Easy. It is my understanding that '346A' is the name that the carriage has been given in the criminal investigation as an exhibit/murder scene and that is what the ruin of the carriage I was travelling in is known as these days.
Suspicious of why a carriage number should be mentioned in a headline and in a story so many times, I checked this carriage number with Clive D W Feather of Davros fame
http://www.davros.org/rail/culg/
I wrote:
>> The Observer carried a long article quoting firemen who attended the
>>scene on the Piccadilly line and going into carriage 346A, are the
>>carriages numbered differently to the trains?
He wrote:
The Piccadilly Line train consisted of the following vehicles:
166-566-366-417-617-217
Car 166 was the one holding the bomb.
No mention of a carriage 346A.
See above.
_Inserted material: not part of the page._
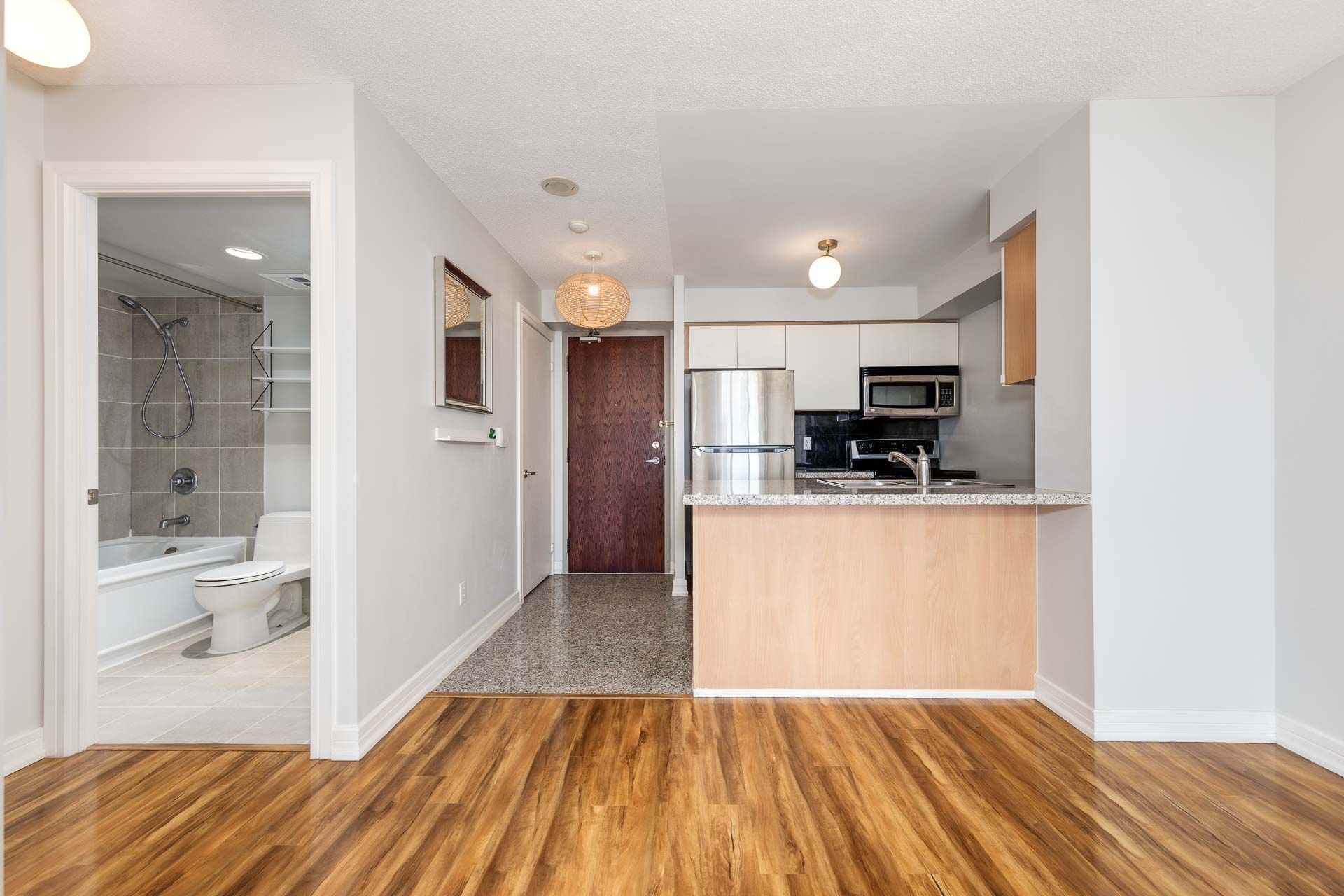 Welcome to your new home in the heart of north york! This spacious and functional 1-bedroomcondo offers a perfect blend of style, comfort, and convenience. Perched on the 26th floor, this unit features a bright open-concept living space, parking, locker, and a private balcony with stunning east-facing views of the city. Beautifully upgraded throughout, the primary bedroom comfortably fits a king-sized bed and boasts a walk-in closet. Updated lighting and a refreshed bathroom complete this move-in-ready gem. Located steps from whole foods, longos, shops, and top-rated restaurants, this condo offers unbeatable convenience. With ttc subway access just steps away and quick connections to hwy 401, commuting is effortless. Don't miss this opportunity to live in a beautifully appointed unit in one of toronto's most vibrant neighborhoods! **extras** one of north york's best buildings, you'll appreciate reasonable maintenance fees that include heat, hydro, and water! The building also offers exceptional amenities, including a 24-hour concierge/security, an indoor pool, a gym, and more!

It's a total and utter non-issue.
Another survivor story on the BBC:
http://news.bbc.co.uk/1/hi/england/london/4659293.stm
"But then it sounded like another train had come up behind us and the carriage filled with smoke again and people became really, really frightened."
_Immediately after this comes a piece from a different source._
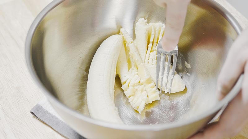 1、バナナをボールに入れ、フォークやマッシャーなどで潰しておきます。

As I have already indicated, these are just a few of the many inconsitencies in the official narrative
Firstly - not an 'official narrative' at all but a witness account, posted shortly after the event by a traumatised witness who wasn't in the carriage with the bomb but much further down the train. Jacqui Head was in carriage 5, I know her, she's in my group. She and some of the others in carriage 5 thought at one time that they were being 'bumped ' by a train approaching behind, certainly they began to fear this after being trapped underground with no word from the driver for ages and no info and not knowing they had been bombed because it hadn't gone off in their carriage. The banging they heard from carriage 6 was the panicking passengers in the carriage thundering at the glass and the doors with all their might, with their hands, umbrella, swith as much force as they could muster.
Anymore tripe about the
iccadilly line suicide bombings you feel like throwing out? I can't say I enjoy this, but anything to stop the lies, which I find deeply insulting. To go through this is one thing, to be made out to be a liar by conspiracy theorists is almost unforgivable.